A victory for Senator John Kerry in the US presidential election would see a substantial restoration of the transatlantic security partnership, the academic and leading member of the peace and human rights group, Action from Ireland (Afri), Dr Andy Storey, said in Dublin at the weekend.
If President Bush were re-elected, this would promote the development of an independent EU military capability, he told the Desmond Greaves summer school.
Despite the split between the US and some EU countries over Iraq, there was a tendency for the military roles of the EU and NATO to converge once again.
It had already been suggested by another academic that NATO had a new "deputy sheriff" in the EU. Dr Storey said there were "grounds for scepticism at the very least" about the ends towards which the EU's military capability would be directed.
In the words of one commentator, "The EU has lost its military virginity".
The EU had taken over a NATO police mission in Bosnia and a NATO military mission in Macedonia and had launched the first overseas mission in its own right, to the Democratic Republic of Congo. Later this year, the EU would take over the NATO military mission in Bosnia, Dr Storey said.
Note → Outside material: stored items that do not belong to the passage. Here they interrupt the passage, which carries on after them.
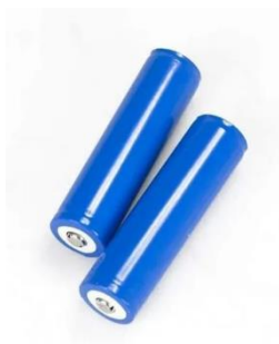
Figure 2: Battery 1,5 V AA

Seven products (HV1E, HV1E2, HV1EN, HV1EN2, HV1EN-150, HV1E-150, and HV1E2-150) are calculated in six different surface groups (16 and 20, 19, 40, 27, 60, 64), see Figure 1 and Figure 2.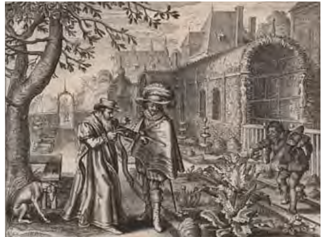
10 Adriaen van de Venne, Ex Minimis Patet Ipse Deus (God Is Revealed in the Smallest Work of His Creation) , illustration from Zeevsche Nachtegael (Middelburg, 1623)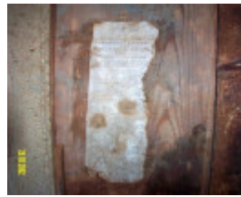
23526 Hillview Nareen press clipping 1959

Ms Deirdre de Búrca, a Green Party councillor in Wicklow, said there was a "growing body of intelligent and engaged citizens" who wanted to believe in a politically progressive Europe, but had deep concerns about the EU's economic, security and immigration policies and the continuing "democratic deficit" in EU institutions.
"It is unfortunate that there only appears to be two positions that one can take when it comes to any kind of debate about European integration: For or Against the current model."
Highlighting aspects of the EU's democratic deficit, she said the powers given to the European Central Bank meant that economic and monetary policy was largely removed from democratic control.
The unelected European Commission had exclusive responsibility for EU trade policy.
The European Council, consisting of 25 heads of state or government, was "the most undemocratic institution of the Union".
She had no "magic answers" for democratising the European Union, but the first Danish rejection of Maastricht and the first Irish rejection of Nice had been "important wake-up calls", Ms de Búrca said.